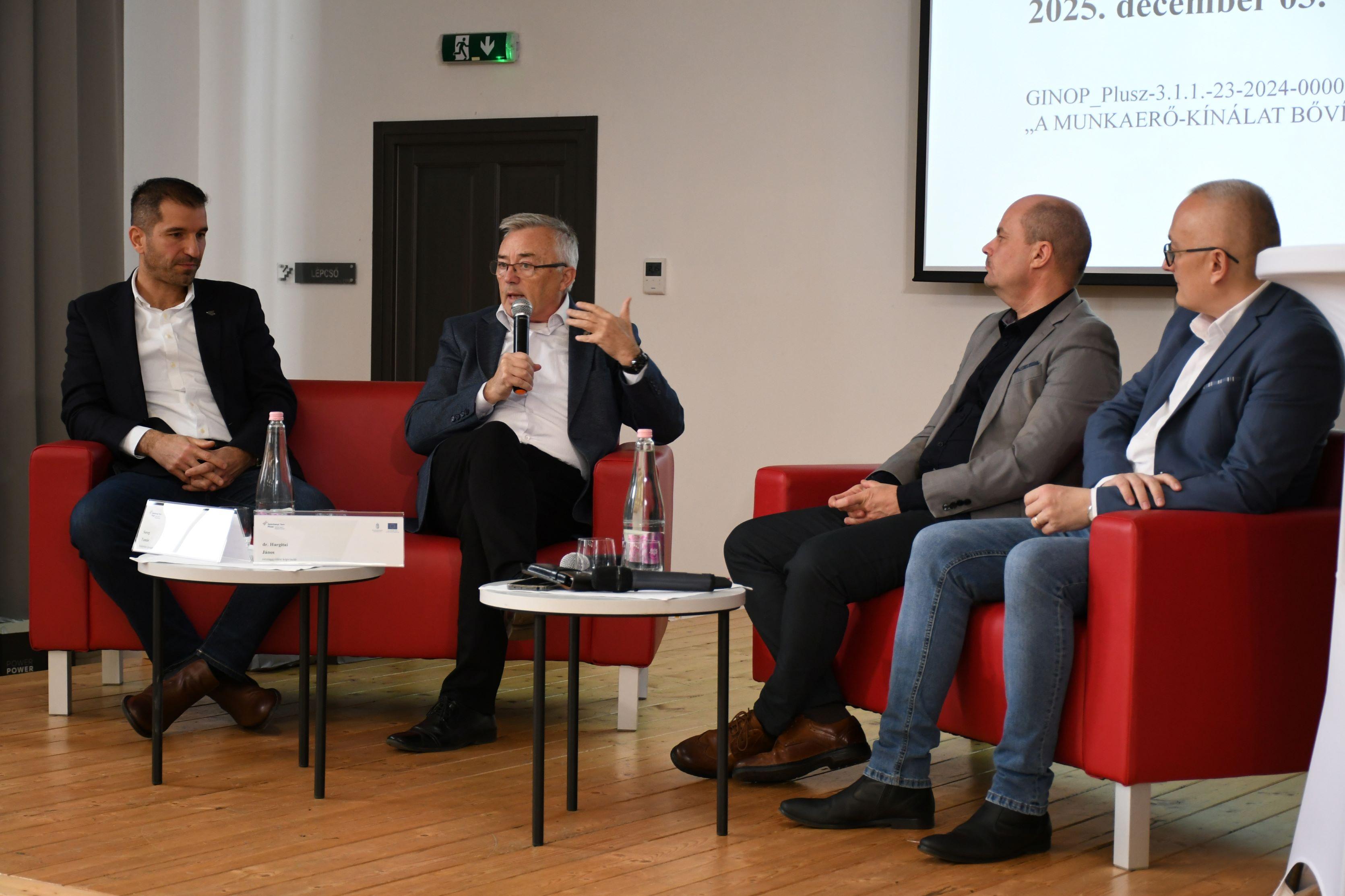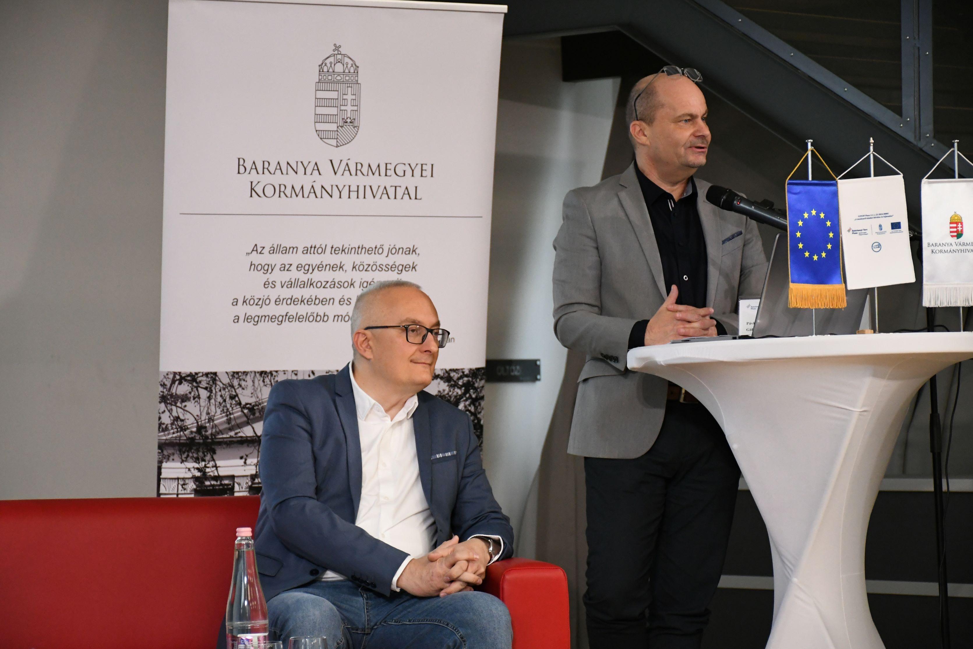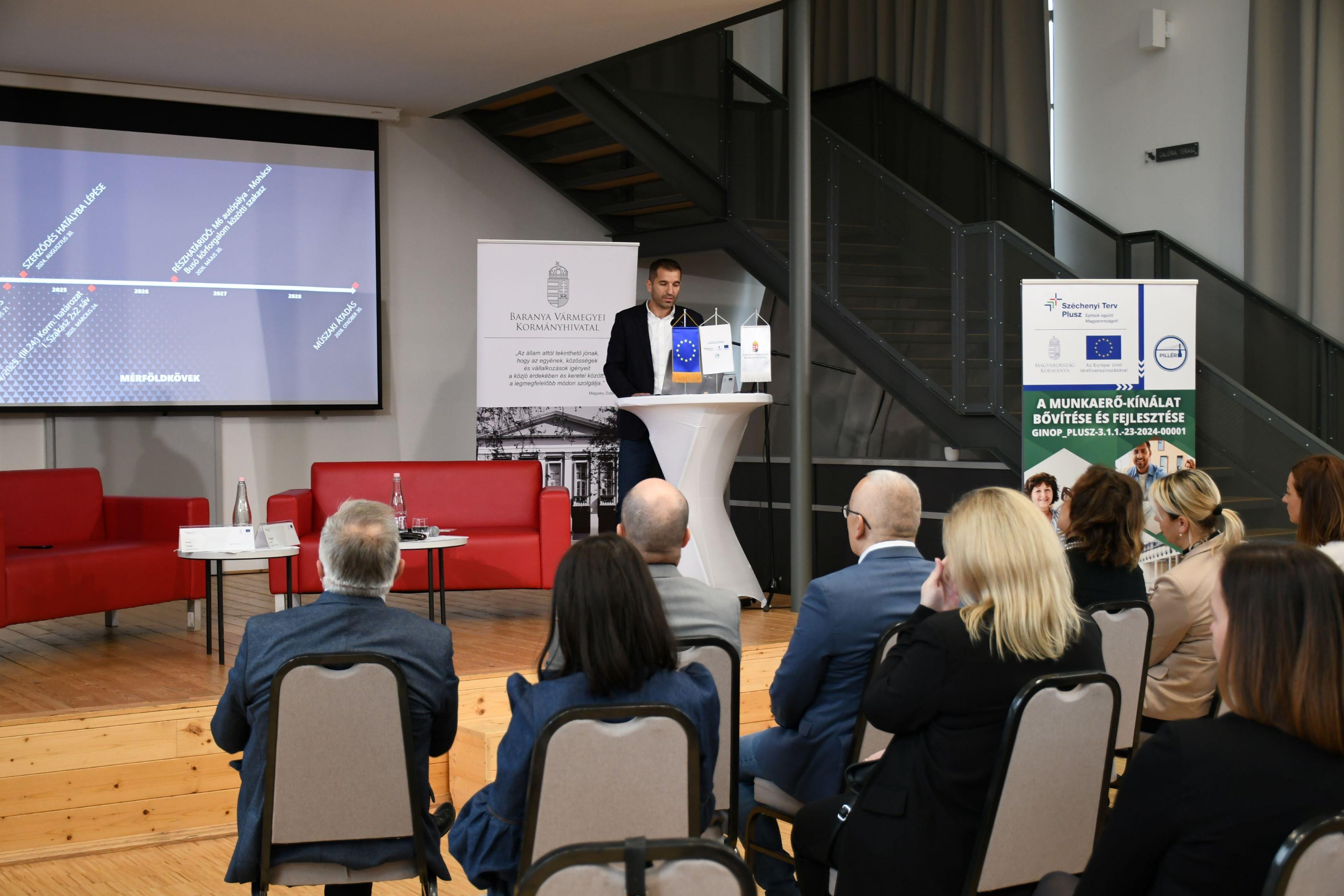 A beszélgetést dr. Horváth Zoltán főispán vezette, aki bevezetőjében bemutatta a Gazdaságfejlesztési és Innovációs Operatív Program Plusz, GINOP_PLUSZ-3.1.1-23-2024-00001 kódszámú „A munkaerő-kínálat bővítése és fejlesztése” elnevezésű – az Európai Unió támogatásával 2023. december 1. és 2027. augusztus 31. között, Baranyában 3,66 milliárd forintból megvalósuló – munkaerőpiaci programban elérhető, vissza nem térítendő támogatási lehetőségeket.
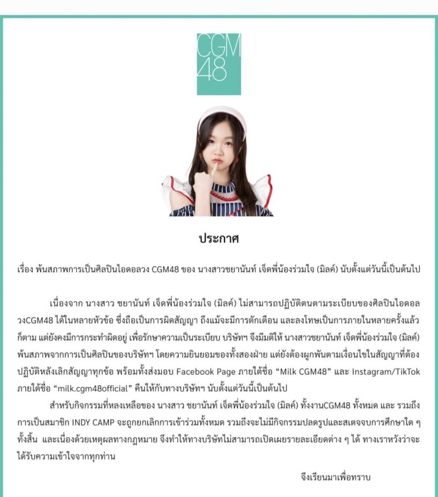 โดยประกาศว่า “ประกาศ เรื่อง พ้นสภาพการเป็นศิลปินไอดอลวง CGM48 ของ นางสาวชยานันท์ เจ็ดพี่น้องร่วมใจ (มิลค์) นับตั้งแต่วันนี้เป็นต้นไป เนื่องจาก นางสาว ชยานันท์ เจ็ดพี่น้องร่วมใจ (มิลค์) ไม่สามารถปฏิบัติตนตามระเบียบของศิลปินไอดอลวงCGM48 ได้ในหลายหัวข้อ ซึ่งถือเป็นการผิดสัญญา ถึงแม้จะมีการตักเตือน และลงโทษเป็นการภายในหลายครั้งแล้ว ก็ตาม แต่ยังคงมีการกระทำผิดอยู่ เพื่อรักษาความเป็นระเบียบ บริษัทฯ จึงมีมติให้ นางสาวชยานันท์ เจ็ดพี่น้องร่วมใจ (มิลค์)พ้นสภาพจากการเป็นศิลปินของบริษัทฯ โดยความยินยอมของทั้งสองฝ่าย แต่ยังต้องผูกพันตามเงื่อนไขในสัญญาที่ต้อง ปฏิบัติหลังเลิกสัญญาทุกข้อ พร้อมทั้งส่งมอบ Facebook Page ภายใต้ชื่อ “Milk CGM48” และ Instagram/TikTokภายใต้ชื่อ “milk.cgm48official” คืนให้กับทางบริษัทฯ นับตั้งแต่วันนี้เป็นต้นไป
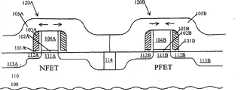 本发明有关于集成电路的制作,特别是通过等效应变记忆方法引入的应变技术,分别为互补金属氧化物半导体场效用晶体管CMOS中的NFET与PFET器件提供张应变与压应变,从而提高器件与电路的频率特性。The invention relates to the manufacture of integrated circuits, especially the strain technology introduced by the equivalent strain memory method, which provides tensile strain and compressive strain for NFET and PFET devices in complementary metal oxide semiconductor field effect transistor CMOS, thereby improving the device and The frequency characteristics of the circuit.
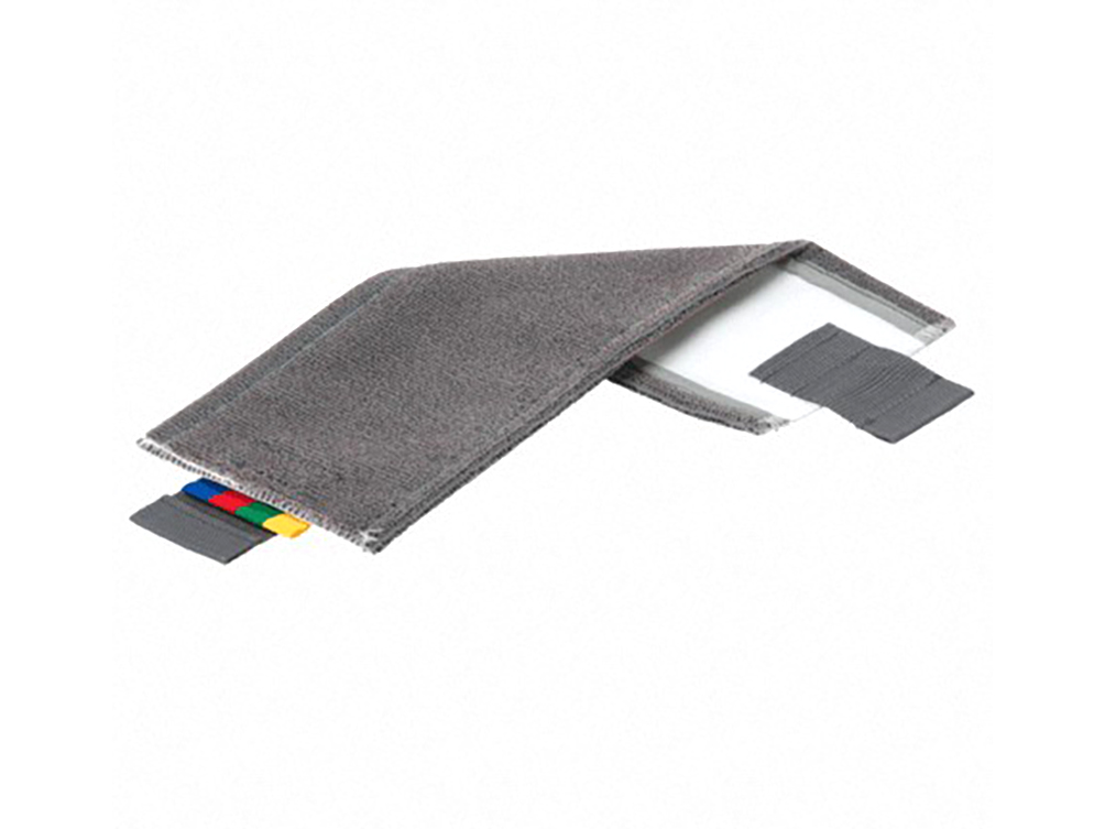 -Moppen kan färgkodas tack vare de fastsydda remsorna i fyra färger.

__What the task asks__. Exact copy, pictures excluded: repeat the lines from the top of the material through the line with "เรื่อง พ้นสภาพการเป็นศิลปินไอดอลวง CGM48".

__Completed exercise__.
 A beszélgetést dr. Horváth Zoltán főispán vezette, aki bevezetőjében bemutatta a Gazdaságfejlesztési és Innovációs Operatív Program Plusz, GINOP_PLUSZ-3.1.1-23-2024-00001 kódszámú „A munkaerő-kínálat bővítése és fejlesztése” elnevezésű – az Európai Unió támogatásával 2023. december 1. és 2027. augusztus 31. között, Baranyában 3,66 milliárd forintból megvalósuló – munkaerőpiaci programban elérhető, vissza nem térítendő támogatási lehetőségeket.
 โดยประกาศว่า “ประกาศ เรื่อง พ้นสภาพการเป็นศิลปินไอดอลวง CGM48 ของ นางสาวชยานันท์ เจ็ดพี่น้องร่วมใจ (มิลค์) นับตั้งแต่วันนี้เป็นต้นไป เนื่องจาก นางสาว ชยานันท์ เจ็ดพี่น้องร่วมใจ (มิลค์) ไม่สามารถปฏิบัติตนตามระเบียบของศิลปินไอดอลวงCGM48 ได้ในหลายหัวข้อ ซึ่งถือเป็นการผิดสัญญา ถึงแม้จะมีการตักเตือน และลงโทษเป็นการภายในหลายครั้งแล้ว ก็ตาม แต่ยังคงมีการกระทำผิดอยู่ เพื่อรักษาความเป็นระเบียบ บริษัทฯ จึงมีมติให้ นางสาวชยานันท์ เจ็ดพี่น้องร่วมใจ (มิลค์)พ้นสภาพจากการเป็นศิลปินของบริษัทฯ โดยความยินยอมของทั้งสองฝ่าย แต่ยังต้องผูกพันตามเงื่อนไขในสัญญาที่ต้อง ปฏิบัติหลังเลิกสัญญาทุกข้อ พร้อมทั้งส่งมอบ Facebook Page ภายใต้ชื่อ “Milk CGM48” และ Instagram/TikTokภายใต้ชื่อ “milk.cgm48official” คืนให้กับทางบริษัทฯ นับตั้งแต่วันนี้เป็นต้นไป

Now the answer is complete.